Bethie knew that Lila had always been a challenge. She figured that any unpleasant behavior on Lila’s part was surely a result of her father’s abandonment, of Dave Braverman ditching her mom for that evil minx of a Nonie Scotto. “I never trusted him,” Bethie had railed to Harold the night she’d gotten the news. She’d been pacing through their living room, making a circuit from the gas fireplace at one end to the newly installed French doors at the other, with her manicured nails digging into the meat of her palms. “And you know what else? I sent that bitch a jam sampler for Christmas!” Harold, in his deep, sonorous voice, had told her, “Let it go, hon.” He’d grabbed her, midpace, squeezing her shoulders until she could laugh at herself.

“I’m glad it’s Lila,” she’d told Harold as they’d waited at the gate. Of all her nieces, she felt the most connected to Jo’s youngest, who seemed to be struggling more than her sisters. Kim and Missy had sailed through school, both of them distinguishing themselves in academics and extracurriculars, while Lila was floundering, and did not seem to have evinced any special skill or talent. Nor had Bethie failed to notice the
timing of Lila’s birth. Jo must have gotten pregnant right after their big fight. Which meant, Bethie supposed, that she was at least a little bit responsible for Lila’s existence, the same way she was at least a little bit responsible for Jo’s marriage and life in the suburbs.

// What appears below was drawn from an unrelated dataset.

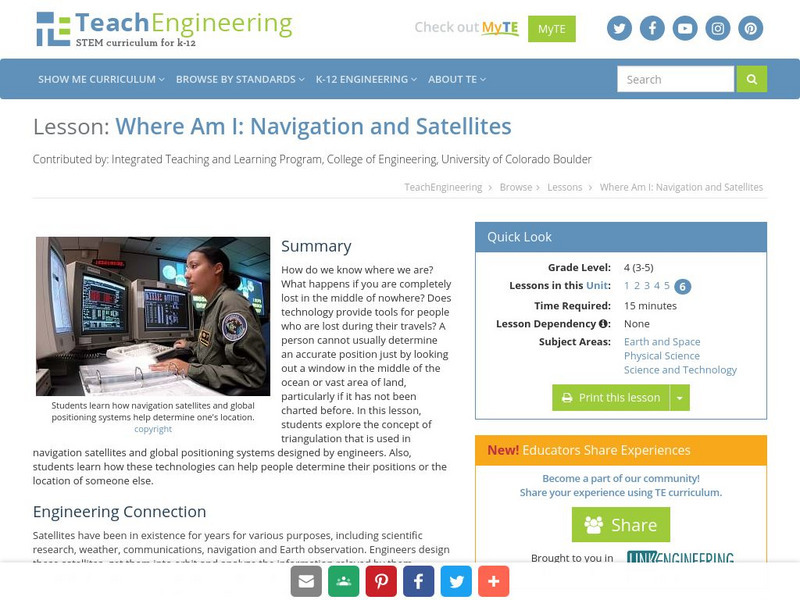 How do we know where we are? In this lesson, students explore the concept of triangulation that is used in navigation satellites and global positioning systems designed by engineers. Also, students learn how these technologies can help...

There was also the way Bethie had found herself thinking about her own childlessness more frequently, as she had slipped from her thirties into her forties. Early on, she and Harold had talked about adoption, or about becoming foster parents, but between her business and his work, plus the charities to which they both gave not just money but time, they were busy and, it seemed, neither one of them wanted children enough to make an aggressive case for them. Bethie was also not certain how eager an adoption agency would be to place a child with a biracial couple. So she contented herself with her extended family. With six siblings, Harold had more than twenty nieces and nephews, ranging from toddlers to young adults, in addition to Kim and Missy and Lila. Bethie loved her work, she loved her husband, she loved her nieces when she got to spend time with them . . . and, she could admit, she also loved it when her guests went home, and it was just her and her husband again.

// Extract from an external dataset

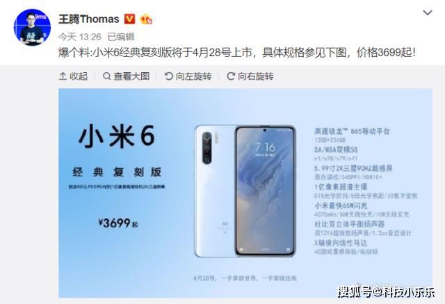 除了苹果以外,今天国内的很多厂商或者他们的粉丝都来了一波愚人的宣传庆祝愚人节,有不少小伙伴上当了呢,小米王腾发微博表示小米6的经典复刻版将于4月28日上市,售价3699元,图中可以看出配置还相当豪华,什么一亿像素镜头,2K 90Hz三星屏,65W超级闪充,这一看就是假的了哈哈。

She wondered if that made her—to use her mother’s old word—
unnatural
. Every time she talked to a reporter—and, lucky for her, Blue Hill Farm had done well enough that she’d been interviewed half a dozen times in the previous few years, four times for print outlets and twice on TV—the subject would come up.
Do you and your husband have any children?
The
why not
was never spoken, but it was absolutely implied. Bethie always gave the same answer, one that she’d arrived at over time and had fine-tuned with a media coach.
My husband and I were friends in high school, but when we reconnected, my biological clock had just about wound down. I’m lucky to have three beautiful nieces who spend part of the summer with me, and I’m a mentor with Big Brothers/Big Sisters.

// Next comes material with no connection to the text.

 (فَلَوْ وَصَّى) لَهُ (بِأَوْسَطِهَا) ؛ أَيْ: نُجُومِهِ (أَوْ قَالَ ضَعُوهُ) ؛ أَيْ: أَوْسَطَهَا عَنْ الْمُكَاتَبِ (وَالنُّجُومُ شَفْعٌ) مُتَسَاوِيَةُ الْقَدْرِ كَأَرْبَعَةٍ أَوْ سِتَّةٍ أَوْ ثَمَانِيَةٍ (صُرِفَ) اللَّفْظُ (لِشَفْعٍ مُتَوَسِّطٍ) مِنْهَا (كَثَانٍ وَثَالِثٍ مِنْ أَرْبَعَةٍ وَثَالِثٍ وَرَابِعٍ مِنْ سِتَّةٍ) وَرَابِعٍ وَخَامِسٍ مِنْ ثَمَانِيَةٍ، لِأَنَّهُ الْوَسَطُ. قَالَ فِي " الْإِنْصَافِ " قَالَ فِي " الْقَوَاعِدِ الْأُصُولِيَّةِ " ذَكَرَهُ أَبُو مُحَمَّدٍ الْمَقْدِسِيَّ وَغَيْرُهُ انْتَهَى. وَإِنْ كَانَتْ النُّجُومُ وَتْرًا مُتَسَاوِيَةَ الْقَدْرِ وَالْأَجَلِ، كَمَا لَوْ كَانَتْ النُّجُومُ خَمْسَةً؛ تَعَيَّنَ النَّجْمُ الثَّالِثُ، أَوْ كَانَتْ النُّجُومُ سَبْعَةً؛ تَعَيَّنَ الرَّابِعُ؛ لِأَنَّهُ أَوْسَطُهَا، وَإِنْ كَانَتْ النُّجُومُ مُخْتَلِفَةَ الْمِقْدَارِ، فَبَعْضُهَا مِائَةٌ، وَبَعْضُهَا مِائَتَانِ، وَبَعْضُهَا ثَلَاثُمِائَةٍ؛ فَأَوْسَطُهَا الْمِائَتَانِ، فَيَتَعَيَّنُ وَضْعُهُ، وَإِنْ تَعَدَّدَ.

“I wonder what would happen if I said, ‘I just never really
wanted kids’?” she’d said during their first media-training session, and both Rose of Sharon, who, by the 1980s, had shortened her name to just Sharon, and the media coach, whose name was Beverly Husner, said, “Don’t say that!”

“Why not?” Bethie and Sharon had rented a conference room in the Doubletree Hotel for the afternoon, in preparation for their interview on CNN, which was doing a piece on “The New Entrepreneurs.” Beverly had brought her own camera, and her own lights, and had borrowed a television set from the hotel. For two hours, she’d played the reporter, peppering Bethie and Sharon with questions, recording their answers, then playing the tapes back to show them where they’d said
um
or
uh, I mean
or
you know
or
like
, or where they could have brought their answers back to Blue Hill Farm, which they’d been instructed to mention, by name, as often as they could. “I mean, seriously,” Bethie continued. “Would it be the end of the world if I just said I never wanted kids?”